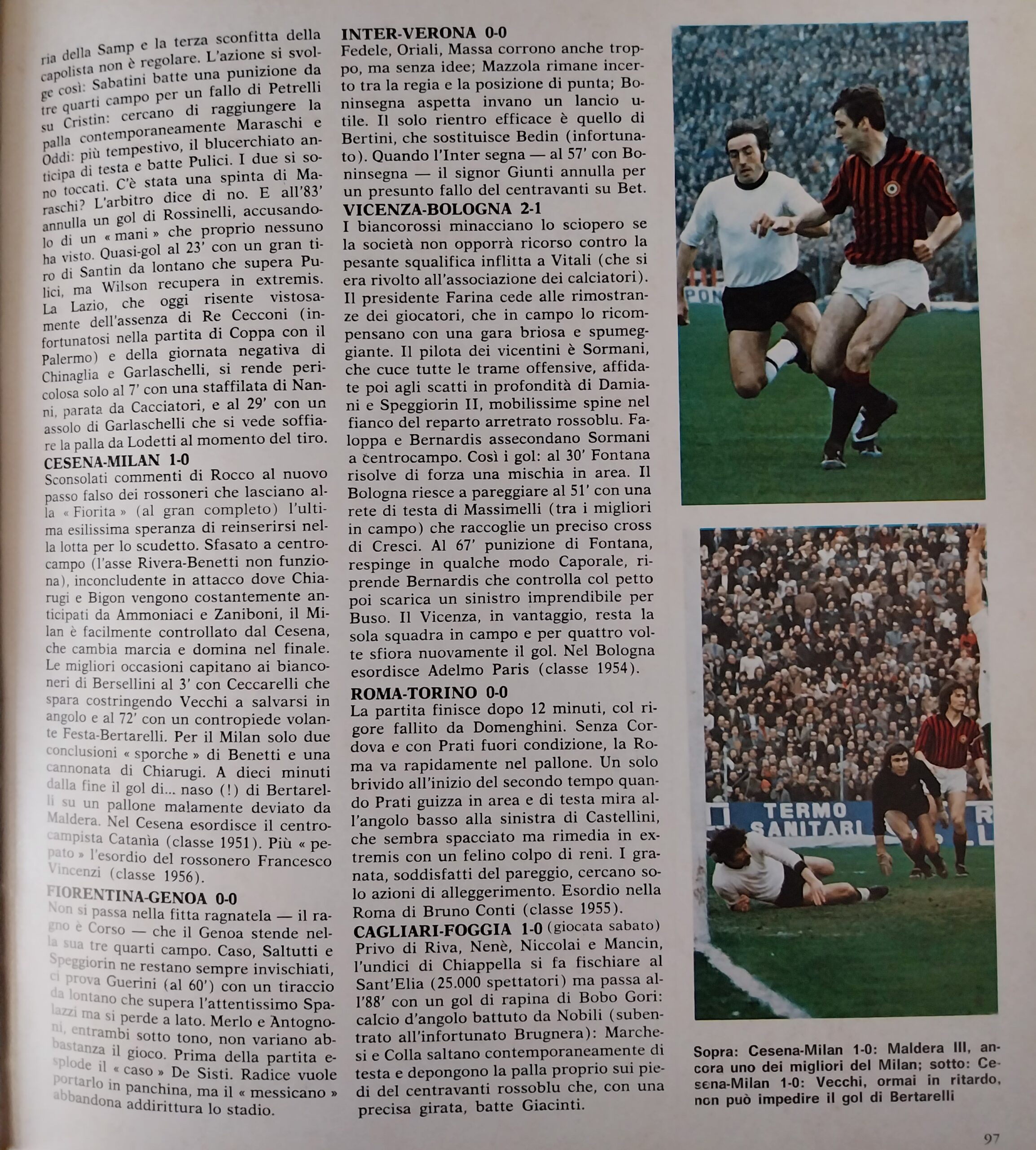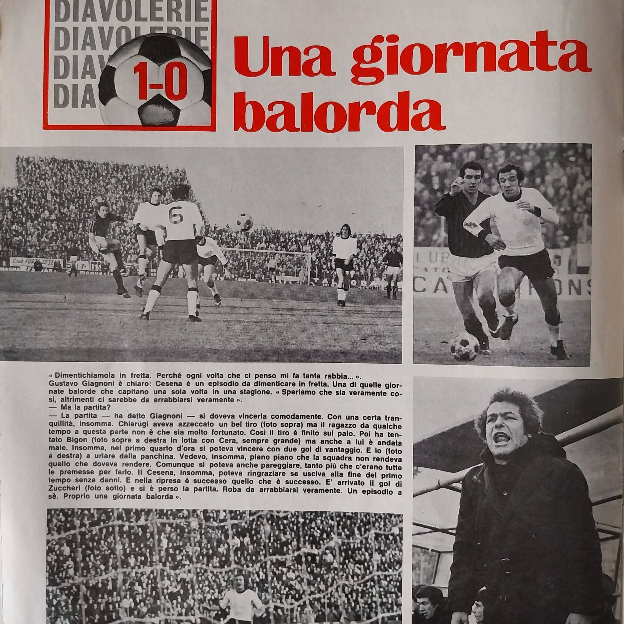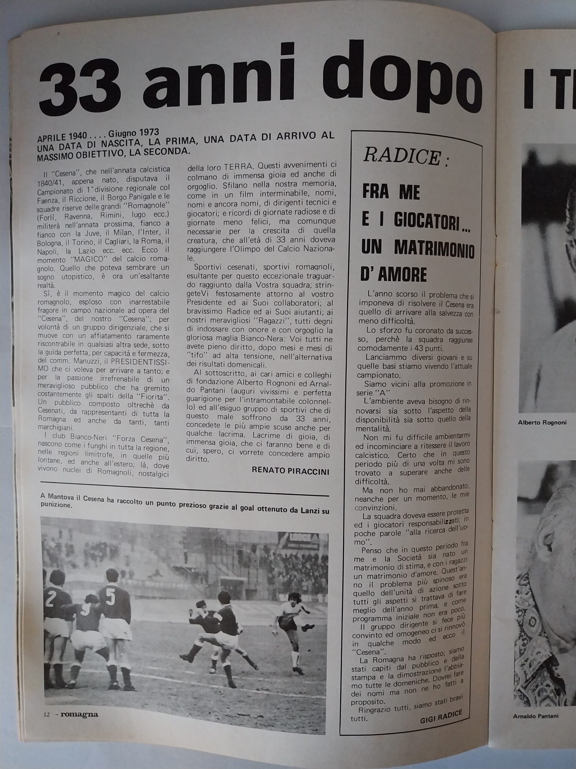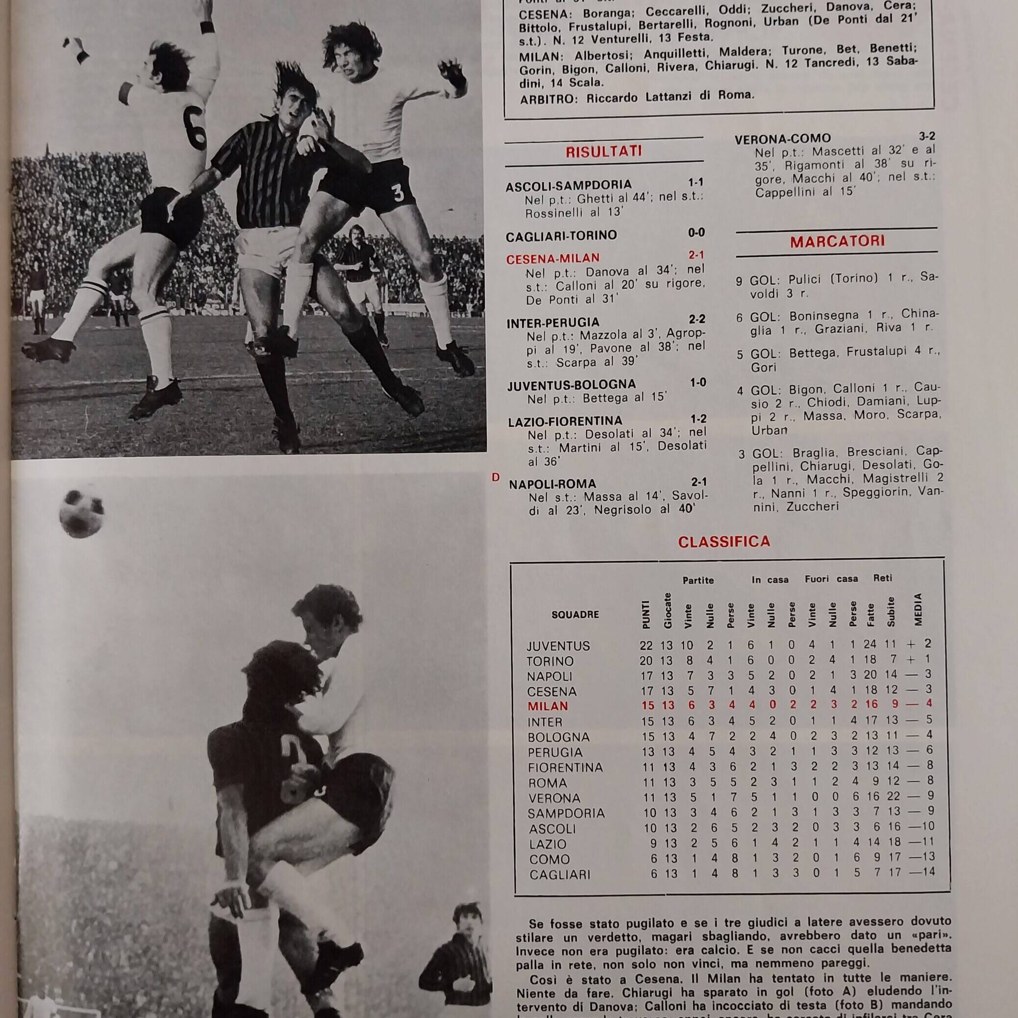 Romagna, Dicembre 1973, n. 11, p. 68, articolo Cesena con foto Milan-Cesena 1973-74
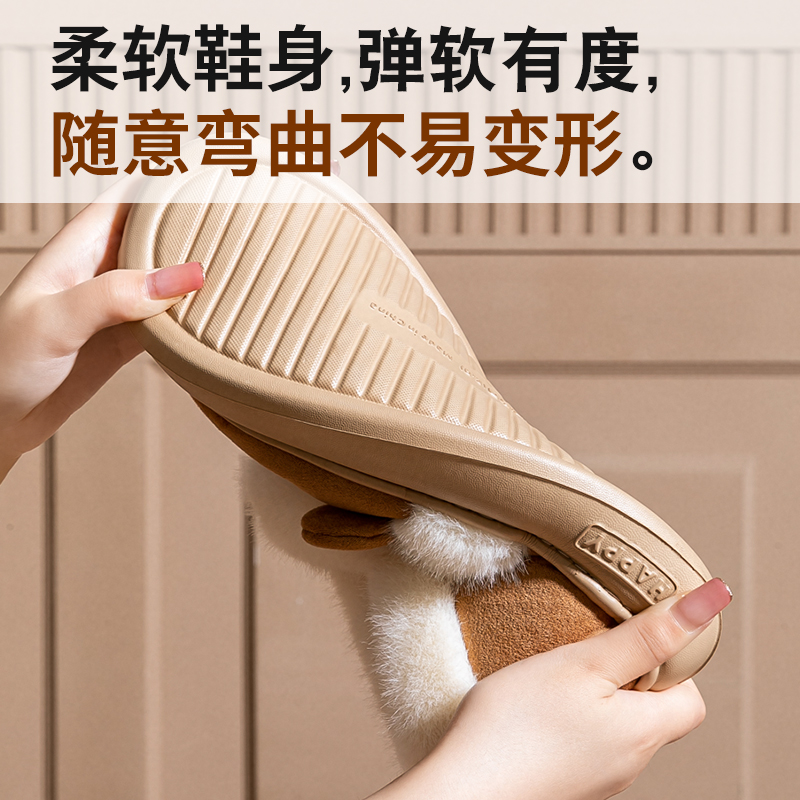 室内居家用加绒保暖厚底防滑棉鞋 2024新款 冬天 女冬季 踩屎感棉拖鞋
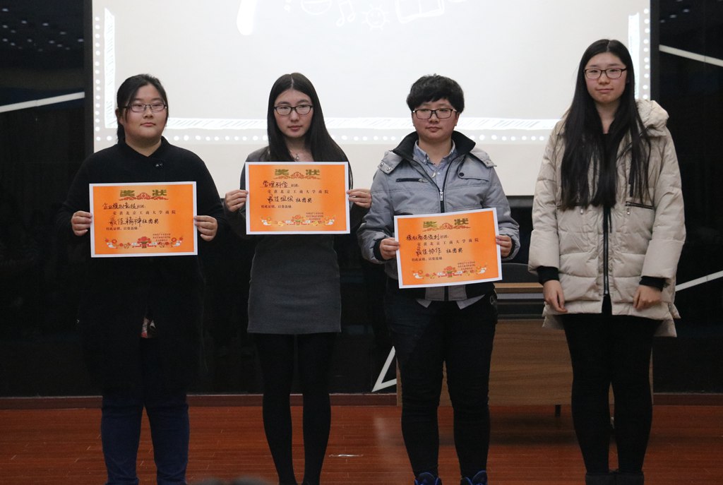 最后,大会进入评奖环节,由15级辅导员丁璇老师、员工会副主席刘文怡为各社团颁发奖项:旅游协会获得最佳活动社团奖,创业与实践协会获得最佳进取奖,未来会计师协会获得最佳风貌奖,管理科学协会获得最佳组织奖,模拟商务谈判协会获得最佳协作奖,企业模拟竞技协会获得最佳精神社团奖。
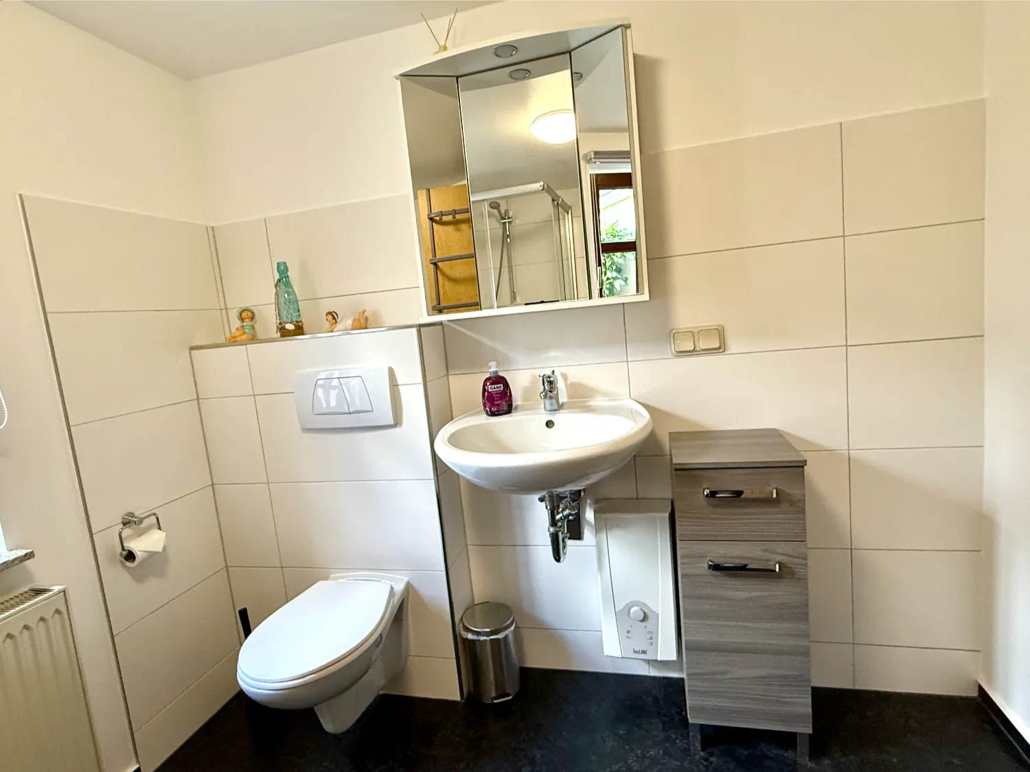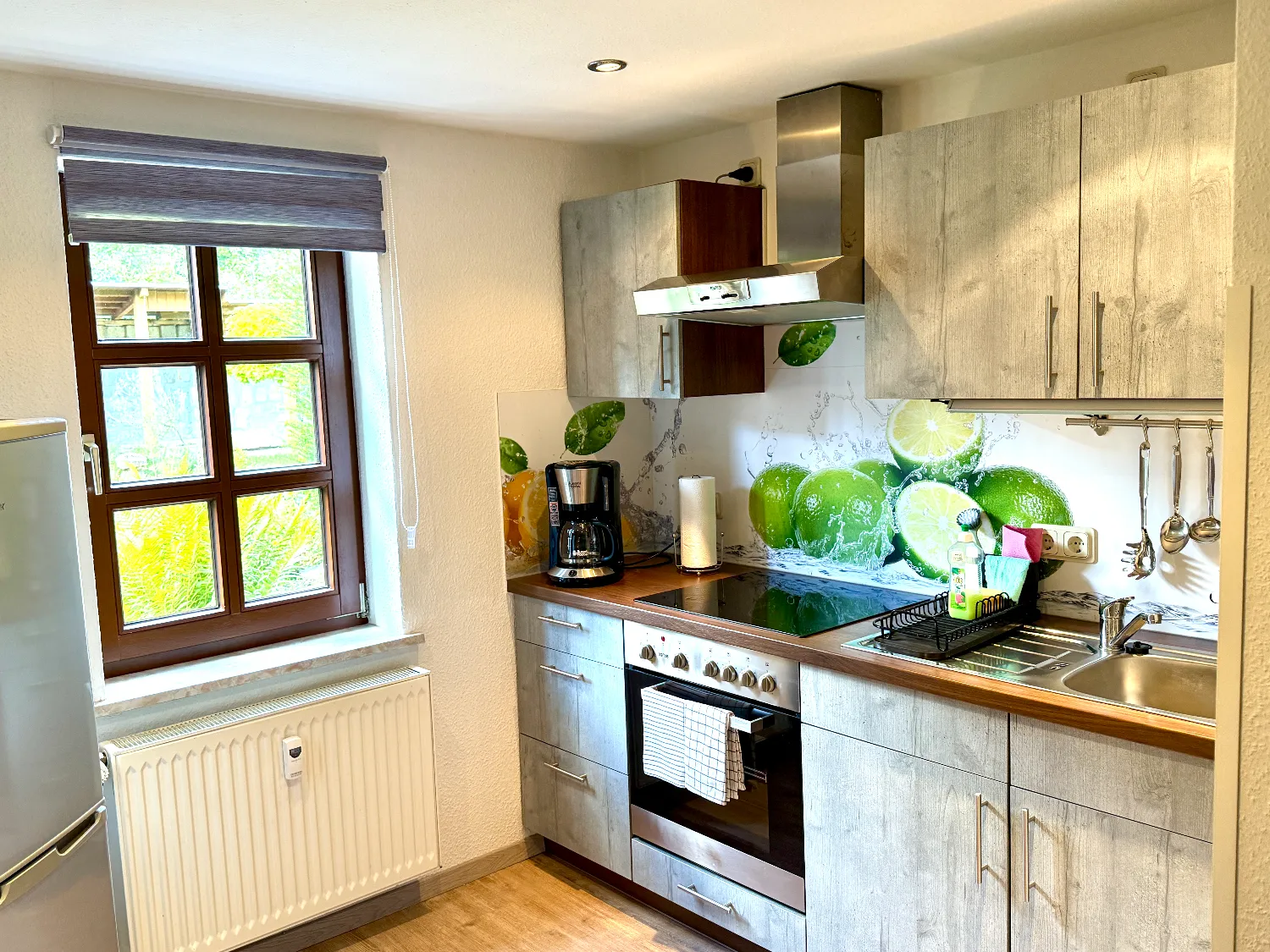 Das helle Bad ist mit Dusche und WC ausgestattet, und die praktische Küche ergänzt die Wohnräume ideal. Alle Räume sind liebevoll und wohnlich eingerichtet. Eine Sitzecke im Garten lädt zu entspannten Momenten im Freien ein.

==============================

#### Aim of the exercise:
Output the line containing "室内居家用加绒保暖厚底防滑棉鞋 2024新款 冬天 女冬季 踩屎感棉拖鞋" along with every line after it to the end of the material, exactly as written, but without pictures.

#### Output:
 室内居家用加绒保暖厚底防滑棉鞋 2024新款 冬天 女冬季 踩屎感棉拖鞋
 最后,大会进入评奖环节,由15级辅导员丁璇老师、员工会副主席刘文怡为各社团颁发奖项:旅游协会获得最佳活动社团奖,创业与实践协会获得最佳进取奖,未来会计师协会获得最佳风貌奖,管理科学协会获得最佳组织奖,模拟商务谈判协会获得最佳协作奖,企业模拟竞技协会获得最佳精神社团奖。
 Das helle Bad ist mit Dusche und WC ausgestattet, und die praktische Küche ergänzt die Wohnräume ideal. Alle Räume sind liebevoll und wohnlich eingerichtet. Eine Sitzecke im Garten lädt zu entspannten Momenten im Freien ein.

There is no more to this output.